Wynne has pledged to ramp up spending to stimulate the economy and to create a provincial pension plan. She also has said she will slay the deficit, now C$11.3 billion (HK$80 billion), by 2017-18.
Speaking to cheering supporters in Toronto, she said her government would move quickly to pass the budget that was defeated last month, triggering the vote.
Only days before the elections in Canada's most populous province, polls had shown a dead heat between Wynne's government and the austerity-minded Progressive Conservatives.
Ontario, which accounts for 40 per cent of Canada's economy and is home to the country's auto and financial industries, has been battling slow growth and big deficits since the 2008 financial crisis. Its debt sits at C$288 billion.
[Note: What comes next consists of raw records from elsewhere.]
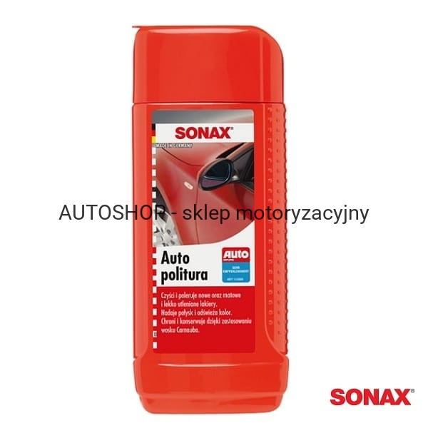 Sonax Auto Politura zawiera związki polimerowe, wosk Carnauba oraz cząsteczki ścierne, związki te czyszczą lakier, ożywiają kolory, nadają karoseri połysk i dodatkowo tworzą warstwę ochronną,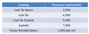 To determine AC fault voltages that puncture underground pipe coatings see table 5. These are estimates and are impacted by the condition of the coating.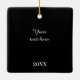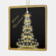 Dekorera Julgran med den här eleganten. Detta prydnadsföremål illustrerar ett guld-Julgran med helgdag och en guld-stjärna. Bakgrunden är en häpnadsväckande svart kontrast mot guld glitter vid gräns. Anpassa baksidan med din Julhälsningar. Köp den här prydnaden åt dig själv eller ge som en gåva till den speciella personen.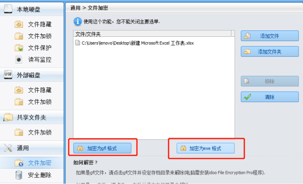 3.点击打开按钮之后下一步文件就成功添加到软件中了,然后我们可以选择加密为gfl格式和加密为exe格式,根据用户的需求选择可。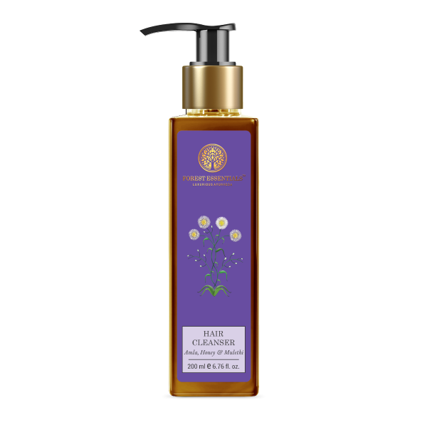 - This nutrient rich hair cleanser, suitable for normal to oily hair types, is prepared with Ayurvedic infusions of Amla, Nilini, Haritaki, Soya Protein, and pure Coconut Oil to leave hair with a natural lustre, swing and fragrance. The Forest Essentials Hair Cleanser Amla, Honey & Mulethi is free from SLS/SLES and contains a natural cleansing herb, Reetha which gently cleanses the hair while balancing its natural oils.
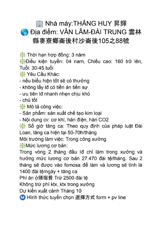 Đài Loan: cơ khí, hàn điện. Nam 30-45 tuổi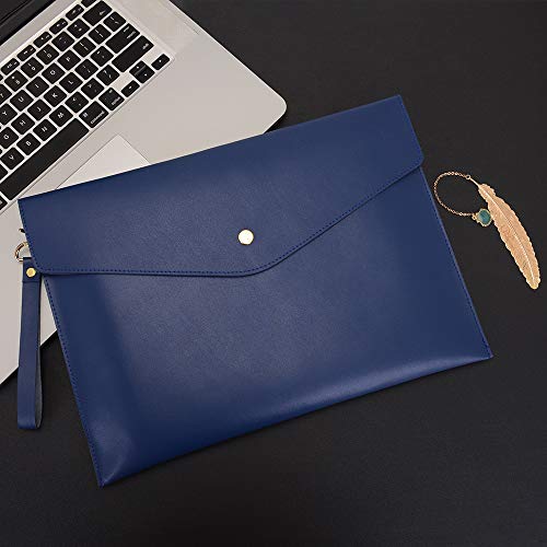 Wonderpool Portadocumenti per buste A4 -Portafoglio multifunzione in vera pelle leggera per organizer per documenti cartacei Custodia per tablet PC (Blu)
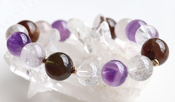 それぞれのクリスタルが持つ周波数は共鳴しながら、着ける人の波動を繊細に、しかし力強く引き上げてくれるため、人生の転換点に寄り添う守護ブレスレットとなるでしょう。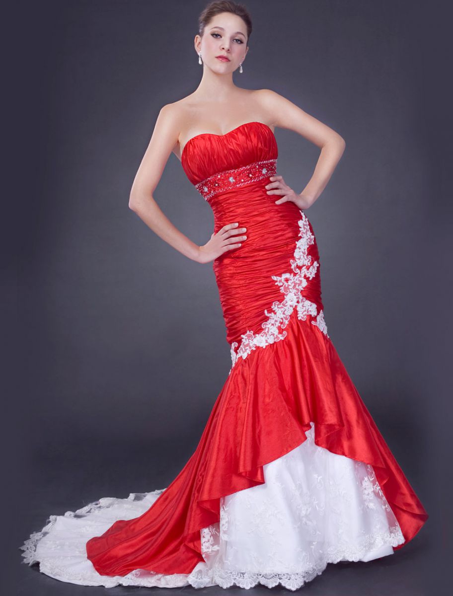 Для тех кто не рискует облачиться в полностью красное платье, можно присмотреться к белым моделям с красными элементами декора. Такой образ придаст девушке решительности, при этом покажет её девичью привлекательность.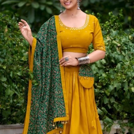 Fabric : Patta At Bottom To Hold The Embroidery And Finishing Of The Flare Latkan’s Adding The Charm.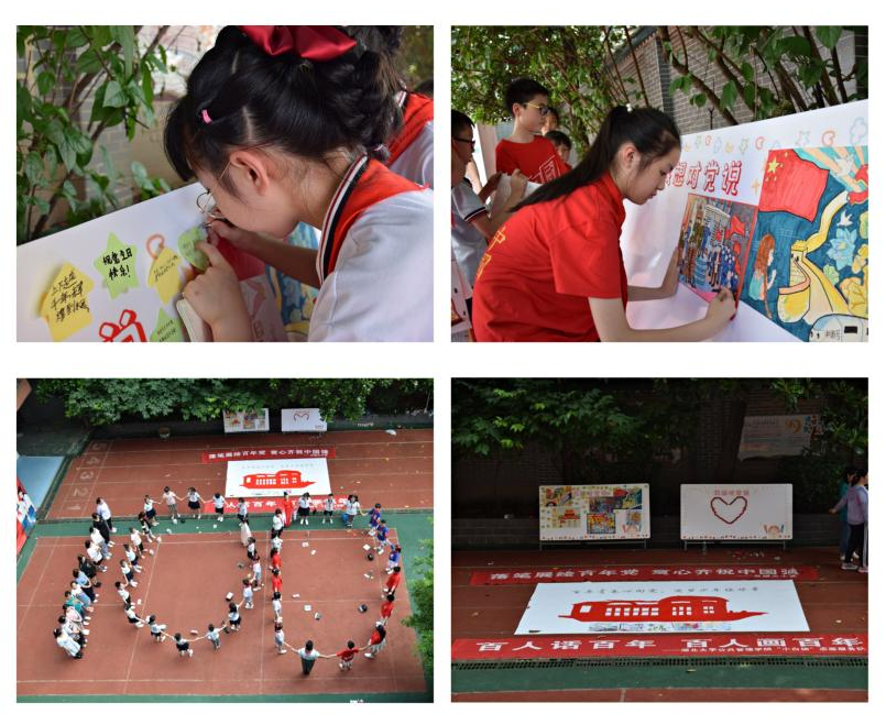 5月31日,tyc122cc太阳成集团“小白杨”志愿服务队走进武汉市吕锡三小学,开展以“百人话百年,百人画百年”为主题的公益活动。吕锡三小学校长鲁新明、书记张帆,“小白杨”志愿服务队全体成员和吕锡三小学的小朋友们参加活动。

The election is Wynne's first. She succeeded Dalton McGuinty as premier and party leader early last year after he resigned amid a series of scandals, most notably a costly move to cancel the construction of gas-fired power plants in the run-up to the 2011 election. Opponents have criticised Wynne for supporting the cancellations at the time.
Speaking to his supporters, Progressive Conservative leader Tim Hudak said he would resign as party leader, but stay on as a member of provincial parliament.
Wynne is Canada's first openly gay premier and the first woman to lead the province.